Protecting the estates of divorced individuals from wrongful distribution. This legislation requires a beneficiary of an estate who is related to the decedent’s previous spouse to prove that such distribution was intended by the decedent. A.7638– Seawright (Advanced To Third Reading).

Protecting Homeowners and Keeping Neighborhoods Safe

New York has been a national leader in confronting the foreclosure crisis affecting our citizens. The Assembly continues its work to facilitate settlements between borrowers and lenders and to rein in the abusive practices by lenders in foreclosure cases. The bills below were advanced to third reading.

Combatting abandoned Properties. To help protect our cities and neighborhoods from blight and attendant safety risks of vacant and abandoned properties, the Committee reported legislation proposed by Attorney General Schneiderman that would require lenders to maintain, before and during the foreclosure process, residential properties that are vacant and abandoned. It would also create a state registry of such properties to help with their early identification and maintenance and would provide financial resources to localities to facilitate compliance. A.6932 – Weinstein.

Mandatory settlement conference reform. New York law fosters early settlement of foreclosure actions to preserve homeownership. Unfortunately, some lenders frustrate the purpose of this law. This measure outlines the rights and remedies of parties to ensure compliance with the settlement conference law and its original purpose. A.1298 – Weinstein.

Defense of standing. This homeowner protection measure would ensure that only legally entitled parties bring foreclosure law suits against homeowners. It would also preserve homeowners’ related defenses.
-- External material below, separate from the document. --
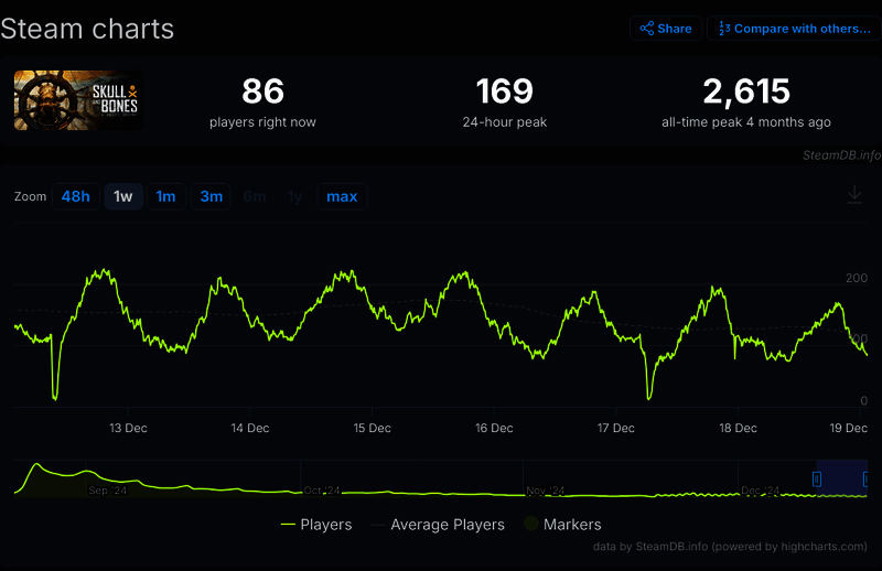 然而根据 Insider Gaming 的消息人士透露,育碧完全致力于继续支持这款游戏,并且据称“玩家数量可能会让人吃惊”。但显然这些玩家不存在于 Steam 上:根据后台数据显示,游戏在截至稿前的 24 小时内玩家人数峰值不到 200 人。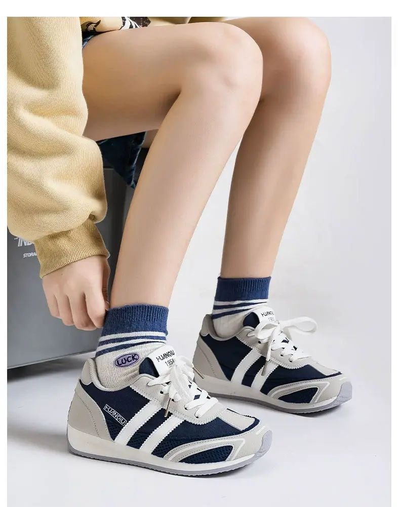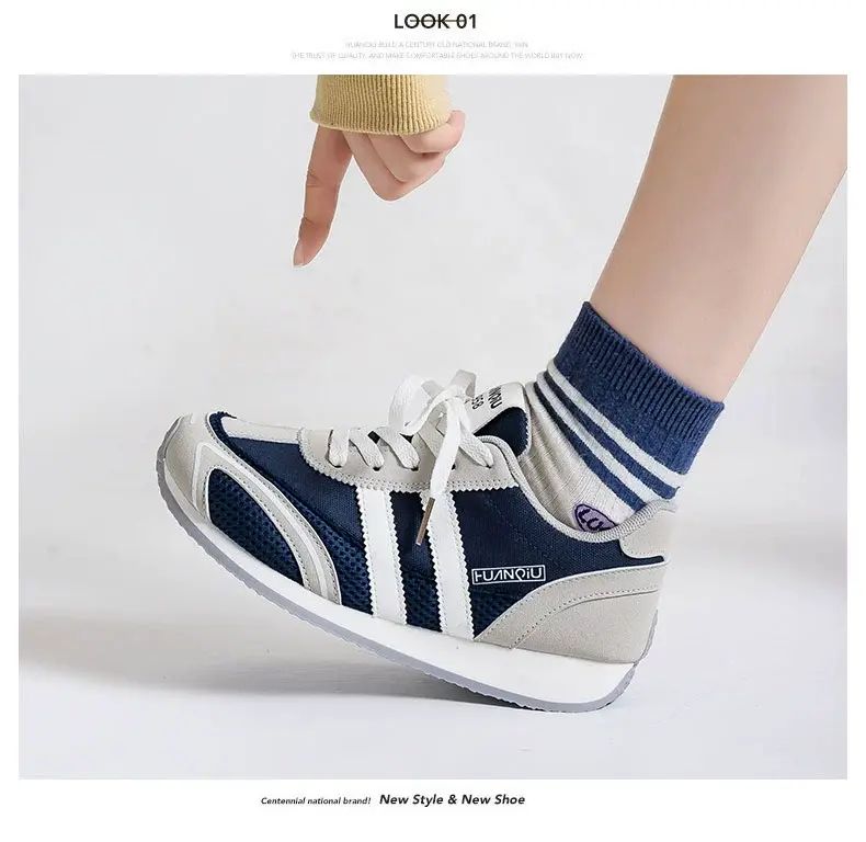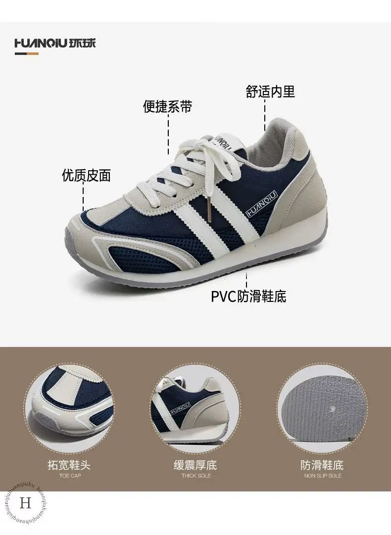 商品簡介 环球甜酷阿甘老爹鞋女2025新款德训鞋百搭舒适不累脚厚底运动鞋潮;蓝色;35

A.247 – Weinstein.

NYPD First Deputy Commissioner Benjamin Tucker responding to questions at one of the Joint Criminal Justice Reform hearings, held this year by the NYS Assembly Standing Committees on Codes, Judiciary and Correction and the NYS Black, Puerto Rican, Hispanic, and Asian Legislative Caucus to examine the need for reforms to the criminal justice system to ensure fairness, improve community/police relations, and protect the safety of law enforcement officers.

Worker and Consumer Protections

The Committee continued its focus of spearheading legal reforms as a leader in consumer protection.

Consumer Credit Fairness Act. This longstanding proposal of the Assembly, submitted this year by the NYS Attorney General, would reform abusive litigation practices concerning consumer debt collection. A.4438 – Weinstein (Advanced to third reading).

Protections in improper debt collection cases. While the Attorney General and District Attorneys can sue debt collectors for violating state law during collection efforts, citizens who face this behavior cannot. This bill would allow private citizens to enforce their own rights, where the government either cannot or will not do so. A.4619 – Simotas (Advanced to third reading).

Protecting workers from employers who illegally withhold wages. This measure ensures that assets of the employer will be available to compensate wage theft victims who obtain judgment against their employers, increasing the likelihood of recovery. A.5501- Rosenthal (Advanced to third reading).